Contrastive Language-Image Pre-training (CLIP), a simple yet effective pre-training paradigm, successfully introduces text supervision to vision models. It has shown promising results across various tasks due to its generalizability and interpretability. The use of CLIP has recently gained increasing interest in the medical imaging domain, serving as a pre-training paradigm for image–text alignment, or a critical component in diverse clinical tasks. With the aim of facilitating a deeper understanding of this promising direction, this survey offers an in-depth exploration of the CLIP within the domain of medical imaging, regarding both refined CLIP pre-training and CLIP-driven applications. In this paper, we (1) first start with a brief introduction to the fundamentals of CLIP methodology; (2) then investigate the adaptation of CLIP pre-training in the medical imaging domain, focusing on how to optimize CLIP given characteristics of medical images and reports; (3) further explore practical utilization of CLIP pre-trained models in various tasks, including classification, dense prediction, and cross-modal tasks; and (4) finally discuss existing limitations of CLIP in the context of medical imaging, and propose forward-looking directions to address the demands of medical imaging domain. Studies featuring technical and practical value are both investigated. We expect this survey will provide researchers with a holistic understanding of the CLIP paradigm and its potential implications. The project page of this survey can also be found on Github.

查看原文本刊更多论文

CLIP在医学影像中的应用综述

对比语言图像预训练（CLIP）是一种简单而有效的预训练范式，它成功地将文本监督引入视觉模型。由于其通用性和可解释性，它在各种任务中显示出令人鼓舞的结果。CLIP的使用最近在医学成像领域获得了越来越多的兴趣，作为图像-文本对齐的预训练范例，或在各种临床任务中的关键组成部分。为了促进对这一有前途的方向的更深入的了解，本调查提供了医学成像领域内的CLIP的深入探索，包括改进的CLIP预训练和CLIP驱动的应用。在本文中，我们(1)首先简要介绍了CLIP方法的基本原理；(2)然后研究CLIP预训练在医学成像领域的适应性，重点研究如何在给定医学图像和报告特征的情况下优化CLIP；(3)进一步探索CLIP预训练模型在分类、密集预测、跨模态等任务中的实际应用；(4)最后讨论了CLIP在医学成像领域存在的局限性，并提出了解决医学成像领域需求的前瞻性方向。对具有技术和实用价值的研究进行了探讨。我们期望这项调查将为研究人员提供对CLIP范式及其潜在影响的整体理解。这个调查的项目页面也可以在Github上找到。
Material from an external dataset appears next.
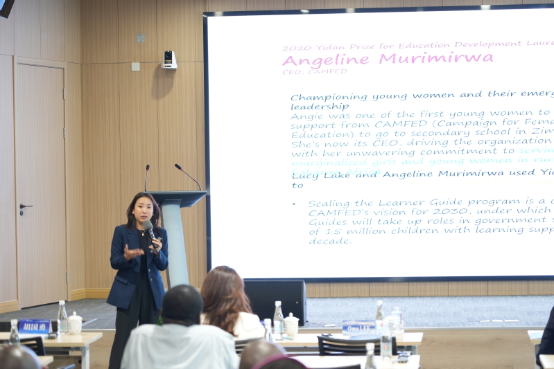 Oma Lee对一丹教育奖暨2026年全球大会展开介绍,她分享了该奖项通过支持非洲本土教育创新项目,推动建立惠及数百万儿童的普惠教育生态的愿景。
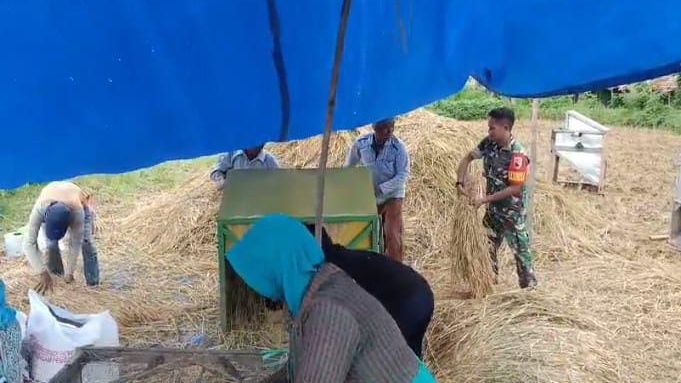 Babinsa Posramil Pangarengan di Tengah Sawah, Bantu Petani Panen Padi di Dusun Talonan

本文章由计算机程序翻译，如有差异，请以英文原文为准。

求助全文

约1分钟内获得全文求助全文

来源期刊

Medical image analysis 工程技术-工程：生物医学

CiteScore

22.10

自引率

6.40%

发文量

309

审稿时长

6.6 months

期刊介绍： Medical Image Analysis serves as a platform for sharing new research findings in the realm of medical and biological image analysis, with a focus on applications of computer vision, virtual reality, and robotics to biomedical imaging challenges. The journal prioritizes the publication of high-quality, original papers contributing to the fundamental science of processing, analyzing, and utilizing medical and biological images. It welcomes approaches utilizing biomedical image datasets across all spatial scales, from molecular/cellular imaging to tissue/organ imaging.